The interview has been edited for length and clarity.

Question: Are consumer sleep trackers mainly divided into “nearables” – things that you put at the side of the bed or under the pillow – vs. wearables?

Dr. Baron: There are so many different devices these days. There are things that you put under your mattress or pillow; there are bedside recording devices; then there are headbands, rings, wrist-worn, all kinds of things.

Q: At the conference, Philip de Chazal, PhD, (University of Sydney) described the evidence on sleep tracking smartphone apps as woeful. Would you agree with that?

A: Yes. I would agree if you’re looking at how accurate they are at recording sleep, particularly compared with what we would define as the gold standard, which is a sleep study wherein you have electrodes on the scalp and you’re measuring the electrical activity directly.

Devices that go under the pillow are extremely poor at deciphering sleep from wake time, which is really the main goal. They are best at detecting when you get into the bed and when you get out. But even then, there isn’t good evidence that they do that accurately when there are two people in the bed.
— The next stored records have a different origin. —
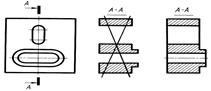 4) Если сечение получается состоящим из отдельных частей, то сечение должно быть заменено разрезом (рис. 5.17).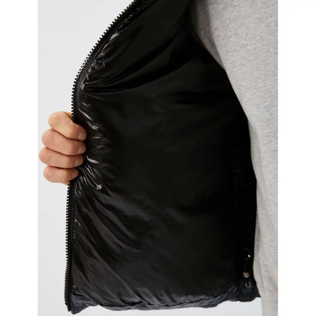 Состав: натуральный пух - 85%, натуральное перо - 15%. Снаружи стеганный полиамид. Подклад - качественный нейлон.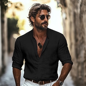 Per uomo Camicia camicia di lino Liscio Informale Giornaliero Nero Bianco Blu Cachi Manica lunga Con cappuccio Primavera estate Abbigliamento Bottoni

Overall, they may give you a general gist of what’s happening in terms of time in and out of bed, but we’re doubtful on their recording ability to tell sleep from wake time.

Q: Are the wrist-worn devices better for sleep tracking?

A: They’re getting better. We’ve used wrist activity monitors in research for years. They use an accelerometer to measure movement, and then an algorithm determines whether an interval of time is called sleep or wake.

Recently, they’ve incorporated more sensors, such as heart rate, and they can more accurately decipher rapid eye movement (REM) sleep from non-REM. They’re still not as good as doing a full sleep study. But they’re getting closer.

Q: If asked how you slept, most of us think we can answer without needing to look at a smartphone, but maybe not. Can you explain “paradoxical insomnia”?

A: You can’t really know if you’re sleeping because if you know you’re asleep, then you can’t be asleep because it’s a state of unconsciousness. How people decide whether they had a good night’s sleep probably depends on a lot of things about how they feel when they wake up in the morning or if they remember being up in the night.

Quality of sleep is not really something that people can directly ascertain. There is a selection of people who feel awake all night but they actually are sleeping. They feel that their sleep quality is poor: They’re suffering; they have insomnia, but from the objective data, they are sleeping fine.